Viví varios años en París, Londres y Venecia, buscando la nueva alianza de mi propia vocación. La encontré, acaso y pasajeramente, en un canto fúnebre a la modernidad que se nos agotaba por igual a todos, europeos y americanos. íbamos a cambiar, nos gustara o no, de piel. Las agitaciones de los años sesenta en todo el mundo no me ayudaron; sólo hicieron presente que la juventud estaba en otra parte, no en un escritor mexicano que en 1968, el año crucial, cumplió los cuarenta. Pero ese mismo año hubo la matanza de la Plaza de las Tres Culturas en México y la noche de Tlatelolco. El asesinato impune de centenares de jóvenes estudiantes por las fuerzas armadas y los agentes gubernamentales, nos hermanó a todos los mexicanos, más allá de nuestras diferencias biológicas o generacionales. Nos hermanó, quiero decir, no sólo en partidos sino en dolor; pero también nos dividió en posiciones en contra o a favor del comportamiento oficial.
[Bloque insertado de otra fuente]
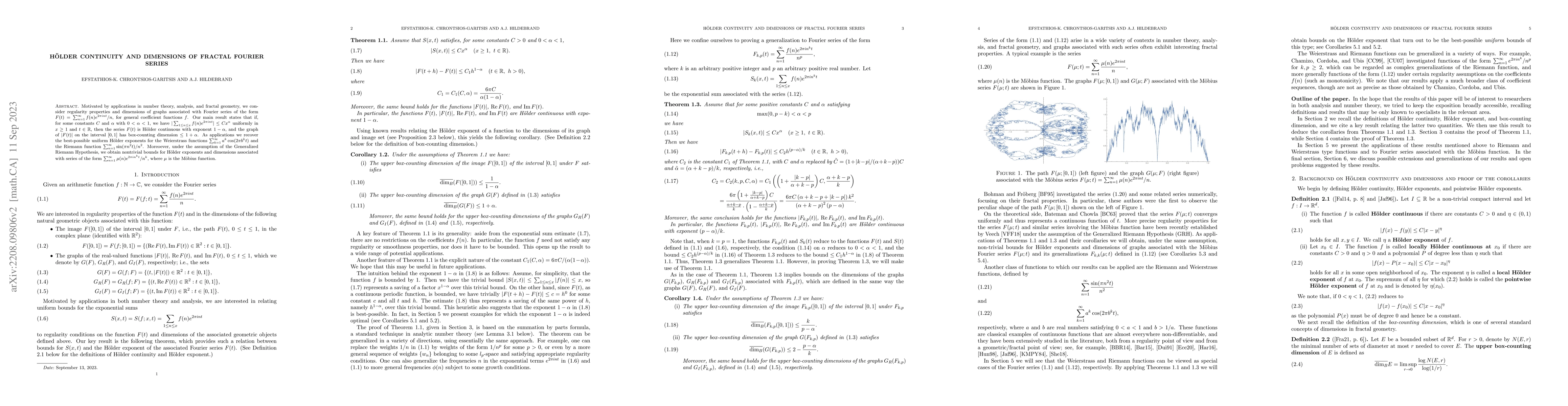 Motivated by applications in number theory, analysis, and fractal geometry, we consider regularity properties and dimensions of graphs associated with Fourier series of the form $F(t)=\sum_{n=1}^\infty f(n)e^{2\pi i nt}/n$, for a large class of coefficient functions $f$. Our main result states that if, for some constants $C$ and $\alpha$ with $0<\alpha<1$, we have $|\sum_{1\le n\le x}f(n)e^{2\pi i nt}|\le C x^{\alpha}$ uniformly in $x\ge 1$ and $t\in \mathbb{R}$, then the series $F(t)$ is H\"older continuous with exponent $1-\alpha$, and the graph of $|F(t)|$ on the interval $[0,1]$ has box-counting dimension $\leq 1+\alpha$. As applications we recover the best-possible uniform H\"older exponents for the Weierstrass functions $\sum_{k=1}^\infty a^k\cos(2\pi b^k t)$ and the Riemann function $\sum_{n=1}^\infty \sin(\pi n^2 t)/n^2$. Moreoever, under the assumption of the Generalized Riemann Hypothesis, we obtain nontrivial bounds for H\"older exponents and dimensions associated with series of the form $\sum_{n=1}^\infty \mu(n)e^{2\pi i n^kt}/n^k$, where $\mu$ is the M\"obius function.

José Revueltas fue a la cárcel por su participación en el movimiento renovador; Martín Luis Guzmán alabó en una comida del Día de la Libertad de Prensa al Presidente Gustavo Díaz Ordaz, responsable de la matanza. Octavio Paz renunció a la embajada en la India; Salvador Novo entonó un aria de agradecimiento a Díaz Ordaz y las instituciones. Yo, desde París, organicé solicitudes de libertad para Revueltas y condenas a la violencia con que el gobierno, a falta de respuestas políticas, daba contestación sangrienta al desafío de los estudiantes. Éstos, ni más ni menos, eran los hijos de la revolución mexicana que yo exploré en mis primeros libros. Eran los jóvenes educados por la revolución que les enseñó a creer en democracia, justicia y libertad. Ahora ellos pedían sólo eso y el gobierno que se decía emanado de la revolución les contestaba con la muerte. El argumento oficial, hasta ese momento, había sido: Vamos a pacificar y estabilizar a un país deshecho por veinte años de contienda armada y un siglo de anarquía y dictadura. Vamos a dar educación, comunicaciones, salud, prosperidad económica. Ustedes, a cambio, van a permitirnos que para alcanzar todo esto, aplacemos la democracia. Progreso hoy, democracia mañana. Se los prometemos. Éste es el pacto.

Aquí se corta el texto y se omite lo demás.